Aparat kepolisian mengamankan pasangan berinisial SL dan NK setelah melakukan pencurian tas dan menguras saldo ATM milik seorang pedagang kecil di pasar kawasan Medan pada Rabu, 6 Mei 2026. Aksi pelaku teridentifikasi melalui rekaman kamera pengawas yang kemudian tersebar luas di media sosial.
Dilansir dari Suara, kedua pelaku diduga mengambil tas korban yang berisi kartu ATM saat korban sedang berdagang. Total kerugian yang dialami korban mencapai Rp45 juta setelah para pelaku mengakses mesin ATM untuk melakukan transaksi ilegal dalam jumlah besar.
Uang hasil kejahatan tersebut diduga habis digunakan oleh SL dan NK untuk melunasi utang pribadi. Selain untuk membayar kewajiban finansial, dana milik pedagang tersebut juga dipakai oleh kedua tersangka demi memenuhi kebutuhan gaya hidup konsumtif atau foya-foya.
Penangkapan ini dilakukan setelah identitas keduanya terungkap melalui video CCTV yang diunggah oleh akun Lambe Turah hingga memicu kemarahan publik.

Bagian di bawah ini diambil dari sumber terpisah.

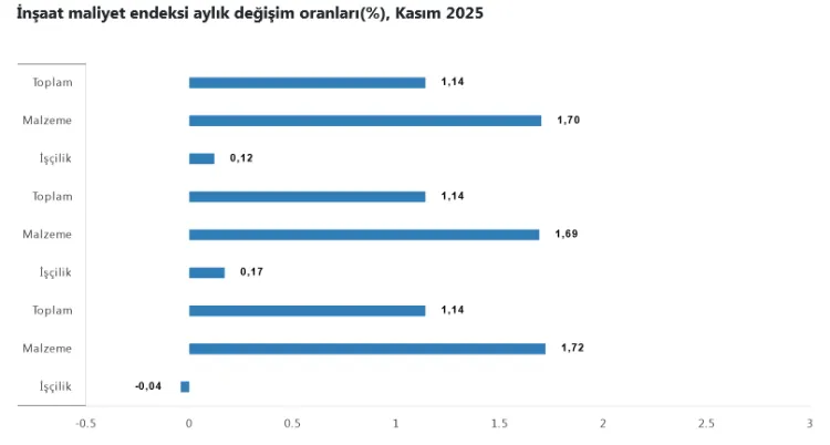 Bina inşaatı maliyet endeksi Kasım ayında aylık yüzde 1,14, yıllık yüzde 23,50 arttı. Aylık bazda malzeme endeksi yüzde 1,69, işçilik endeksi yüzde 0,17 yükselirken; yıllık bazda malzeme maliyetleri yüzde 20,03, işçilik maliyetleri ise yüzde 30,37 artış kaydetti.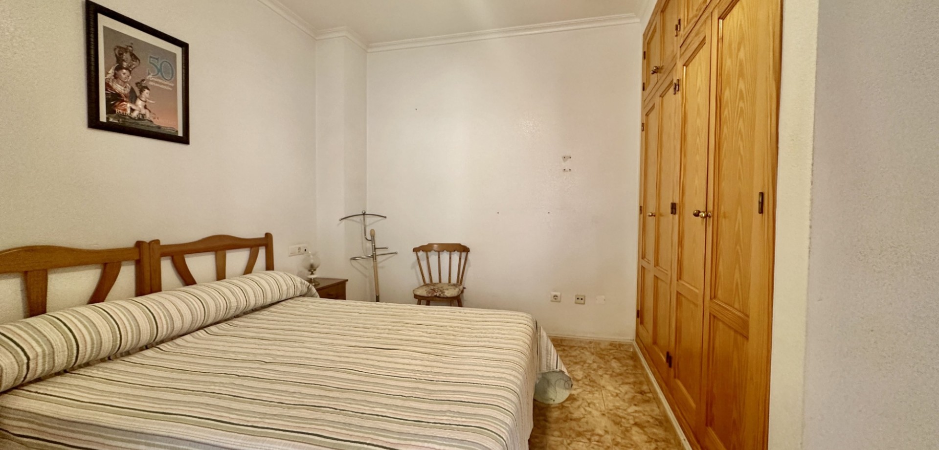 Welcome to this charming and well-maintained apartment located in the heart of Torrevieja, just a short 2-minute walk from the beautiful Mediterranean coast. A perfect opportunity for those looking to enjoy beachside living, use as a holiday home, or invest in a rental property. Inside, the apartment features a bright and comfortable living room, complete with direct access to a spacious covered terrace — ideal for relaxing, dining, or enjoying the sea breeze. The semi-open kitchen connects through a Mediterranean-style arch, adding character and functionality. The property includes 2 bedrooms and 1 bathroom, all on one level. Both bedrooms are spacious and offer built-in storage options, with one of them leading directly to the terrace. The home is offered fully furnished and ready to move in. Key Features: 2 bedrooms1 bathroomComfortable living room with natural lightSemi-open kitchenSpacious terrace with storageFully furnished2 minutes’ walk to the beachClose to supermarkets, cafés, restaurants, and promenadeGreat rental investment potential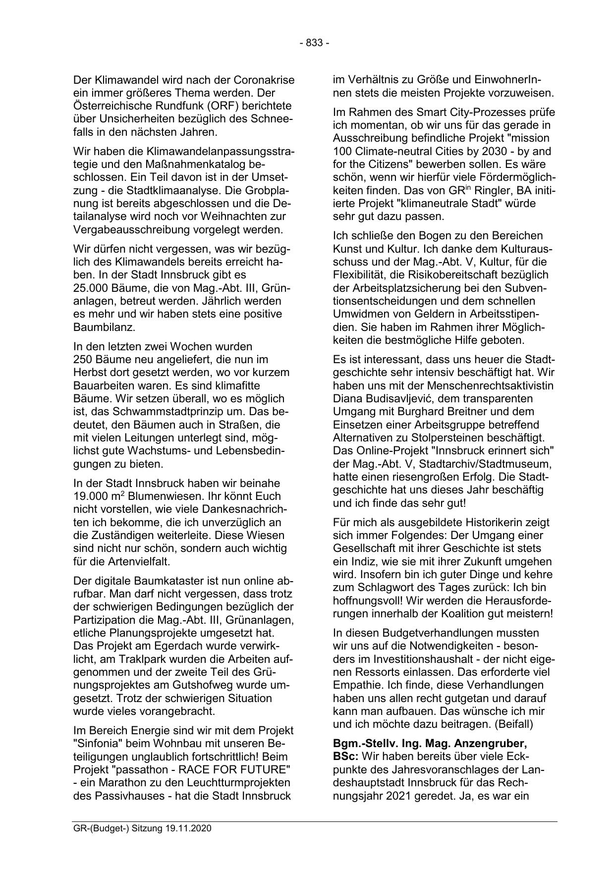 BSc: Wir haben bereits über viele Eckpunkte des Jahresvoranschlages der Landeshauptstadt Innsbruck für das Rechnungsjahr 2021 geredet. Ja, es war ein

Warganet pun memberikan beragam reaksi atas tindakan pasangan yang kini terancam hukuman penjara tersebut.
"Sehidup sejeruji berdua," sindir akun @81l***.
Komentar tersebut muncul di tengah kecaman netizen yang menilai tindakan pelaku sangat kejam karena menyasar pedagang kecil yang sedang mencari nafkah.
"Emang bener-bener partner in crime," timpal @sma***.
Selain komentar mengenai kerja sama kriminal pasangan tersebut, beberapa pengguna media sosial lainnya juga menyoroti nasib kedua pelaku yang kini harus mendekam di balik jeruji besi secara bersamaan.
"Sehidup sepenjara wkwkwk," tambah @elo***.
Saat ini pihak berwajib telah mengamankan pasangan tersebut untuk menjalani proses hukum lebih lanjut guna mempertanggungjawabkan perbuatan mereka.